=== Begin Enclosure ===
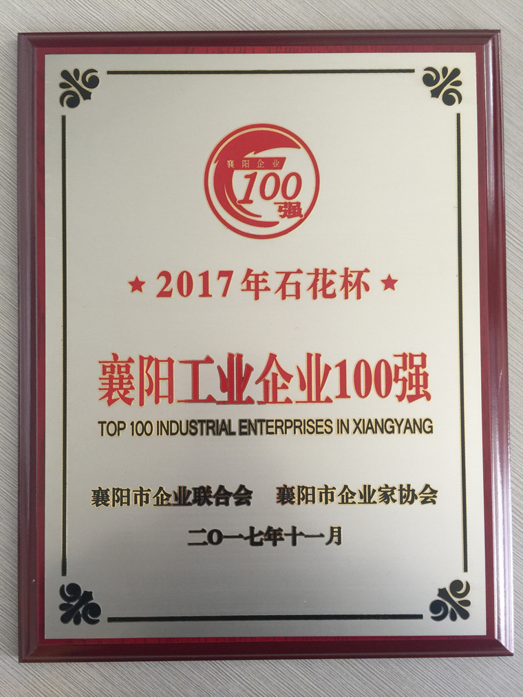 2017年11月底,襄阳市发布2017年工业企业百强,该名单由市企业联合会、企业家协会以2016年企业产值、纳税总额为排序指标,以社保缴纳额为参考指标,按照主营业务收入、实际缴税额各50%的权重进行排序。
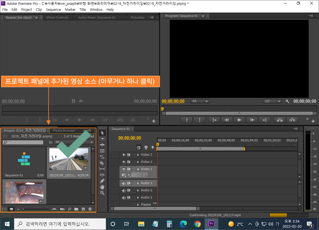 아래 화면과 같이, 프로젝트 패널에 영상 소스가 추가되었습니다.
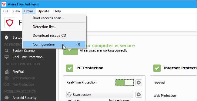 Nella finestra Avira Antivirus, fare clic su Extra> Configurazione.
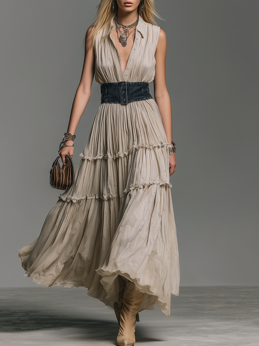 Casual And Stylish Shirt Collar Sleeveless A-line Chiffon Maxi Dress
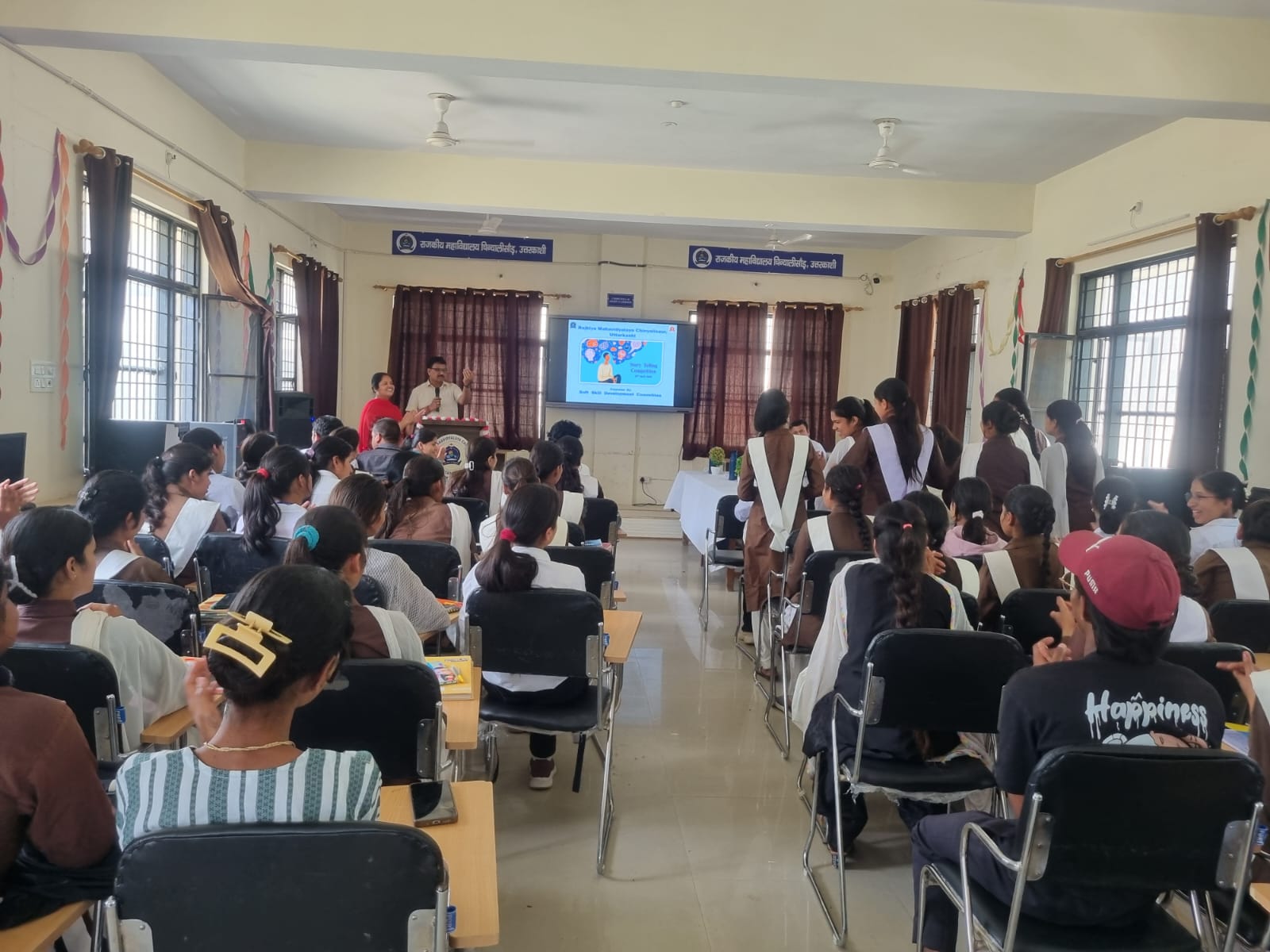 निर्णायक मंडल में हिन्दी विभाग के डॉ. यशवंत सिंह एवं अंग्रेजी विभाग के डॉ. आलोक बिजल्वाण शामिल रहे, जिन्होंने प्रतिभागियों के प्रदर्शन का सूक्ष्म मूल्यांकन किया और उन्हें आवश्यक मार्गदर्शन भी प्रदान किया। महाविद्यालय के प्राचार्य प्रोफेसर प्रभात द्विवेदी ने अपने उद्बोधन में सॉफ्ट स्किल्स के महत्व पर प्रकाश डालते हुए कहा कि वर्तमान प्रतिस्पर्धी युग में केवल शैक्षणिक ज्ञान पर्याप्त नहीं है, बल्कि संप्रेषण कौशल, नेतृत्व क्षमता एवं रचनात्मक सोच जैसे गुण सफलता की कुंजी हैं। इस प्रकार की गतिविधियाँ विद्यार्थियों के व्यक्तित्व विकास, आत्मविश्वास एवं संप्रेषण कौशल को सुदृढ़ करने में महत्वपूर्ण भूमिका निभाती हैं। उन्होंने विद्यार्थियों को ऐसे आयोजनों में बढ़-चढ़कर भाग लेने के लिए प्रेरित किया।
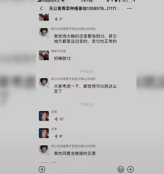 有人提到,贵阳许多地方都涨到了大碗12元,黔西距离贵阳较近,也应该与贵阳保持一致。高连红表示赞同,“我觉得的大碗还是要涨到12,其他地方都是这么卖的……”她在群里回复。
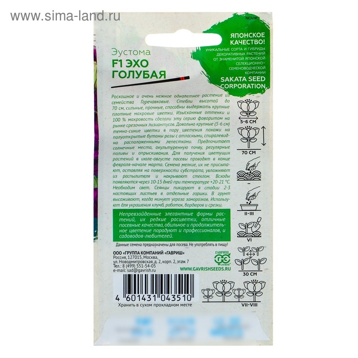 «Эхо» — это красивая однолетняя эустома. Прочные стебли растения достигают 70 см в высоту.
=== End Enclosure ===
Your instructions
Except for the pictures, give all the material above again verbatim.

Response to this exercise
 2017年11月底,襄阳市发布2017年工业企业百强,该名单由市企业联合会、企业家协会以2016年企业产值、纳税总额为排序指标,以社保缴纳额为参考指标,按照主营业务收入、实际缴税额各50%的权重进行排序。
 아래 화면과 같이, 프로젝트 패널에 영상 소스가 추가되었습니다.
 Nella finestra Avira Antivirus, fare clic su Extra> Configurazione.
 Casual And Stylish Shirt Collar Sleeveless A-line Chiffon Maxi Dress
 निर्णायक मंडल में हिन्दी विभाग के डॉ. यशवंत सिंह एवं अंग्रेजी विभाग के डॉ. आलोक बिजल्वाण शामिल रहे, जिन्होंने प्रतिभागियों के प्रदर्शन का सूक्ष्म मूल्यांकन किया और उन्हें आवश्यक मार्गदर्शन भी प्रदान किया। महाविद्यालय के प्राचार्य प्रोफेसर प्रभात द्विवेदी ने अपने उद्बोधन में सॉफ्ट स्किल्स के महत्व पर प्रकाश डालते हुए कहा कि वर्तमान प्रतिस्पर्धी युग में केवल शैक्षणिक ज्ञान पर्याप्त नहीं है, बल्कि संप्रेषण कौशल, नेतृत्व क्षमता एवं रचनात्मक सोच जैसे गुण सफलता की कुंजी हैं। इस प्रकार की गतिविधियाँ विद्यार्थियों के व्यक्तित्व विकास, आत्मविश्वास एवं संप्रेषण कौशल को सुदृढ़ करने में महत्वपूर्ण भूमिका निभाती हैं। उन्होंने विद्यार्थियों को ऐसे आयोजनों में बढ़-चढ़कर भाग लेने के लिए प्रेरित किया।
 有人提到,贵阳许多地方都涨到了大碗12元,黔西距离贵阳较近,也应该与贵阳保持一致。高连红表示赞同,“我觉得的大碗还是要涨到12,其他地方都是这么卖的……”她在群里回复。
 «Эхо» — это красивая однолетняя эустома. Прочные стебли растения достигают 70 см в высоту.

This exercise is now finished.